We, each and every one of us, are broken and this material world is the hospital Hashem has sent us in which to recover. The world was created with a need to be fixed; it is Hashem’s plan. Our neshomas have been sent here for the purpose of repairing the world and at the same time to help us find our own tikun, our own completion. This vital understanding can answer much of what is difficult to fathom when it comes to human relations.  Have you ever sat with a group of friends and tried to fix the whole world? Sure you have; we are Yidden and we do this all the time. Let’s take a small case in point: when a family is stricken with a child who seems to have strayed from the path of Torah life. Everyone will offer opinions: one will say the family is dysfunctional, another will blame the school, yet others will claim that it must have been the fault of friends. The list of reasons is endless, but any discerning soul will know that there is no one reason that can cause this or any situation. The singular point that is rarely mentioned is that the child is broken; we need to figure out how to fix him. All the dynamics that one can mention only add up to this one truth: we are all broken, no-one is perfect. Having said that, one may ask: what in fact is “normal”?  Walk down any street and you may encounter tens of people who are, guess what, also broken!  The default position in life is being splintered. Otherwise, you would not be here in the first place. We are all born with the requirement to correct something within ourselves.  It is the Divine opportunity Hashem has graciously bestowed. There are things in each of us that only we as individuals can fix, it’s what we are here for. In Gan Eden there are no challenges. Angels have no choices; everything in that garden dwells in celestial perfection. Hashem wants us to have the opportunity to grow through the challenges of life, and that is why each of us has been placed here. Our tikun is unique to our time and place.  Our being here now is not a coincidence in any way.

Rosh Hashonoh says as much. Rosh means “head”, and the task of correction starts within the head, the seat of our thoughts and drives. If we accept that we are bound up with each other in that we are each in need of something, we can develop true empathy and understanding for others without the tendency to be judgmental. In this manner we will feel a sense of healing within ourselves because of the merit we earn for such compassion for others.

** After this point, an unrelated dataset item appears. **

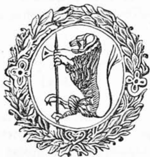
VÁRAD CZÍMERE SZENCZI KERTÉSZ ÁBRAHÁM NYOMTATVÁNYÁN.

† 1651. okt. 8.) jelvényét Carl B. Lorek jellemzi: »Als Druck- zeichen nahm Isaack eine Ulme an, die von einem Rebstock voll Trauben umschlungen wird, daneben steht ein Einsiedler. Die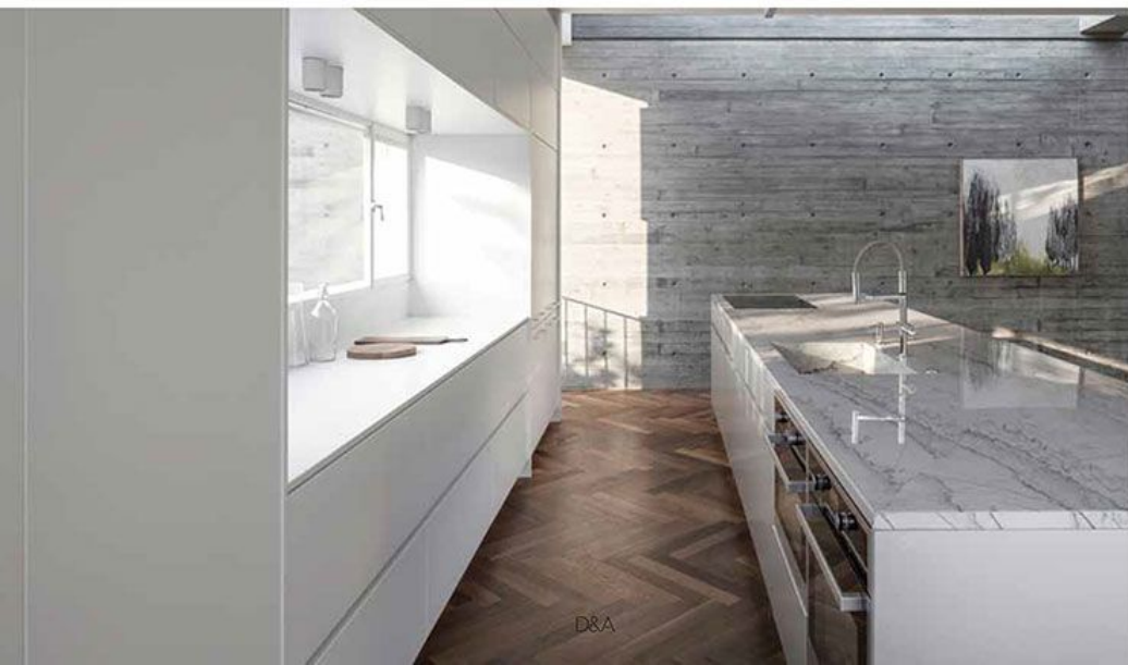
אזור המגורים הפתוח לנוף הגינה.

Our lives are extremely complicated; these are the days before the Moshiach and we are facing challenges never experienced before. Guta Yidden explain that we are the feet of the generations that came before us; we carry the weight of all that preceded us and as such our heels are calloused and hardened. This may explain why it is very difficult for our young to experience true spirituality; their neshomas are covered with a hard layer that prevents the spark of holiness shining through.

Let us strive during these unique days to open up our own hearts and offer our young a sense of healing that we can give through unconditional love. Recognizing that others are as broken as we are, then the Rosh should bring a Shonoh of blessing.This is the key to the beginning of the year, may it bring each of us a kesiva vechasima tova.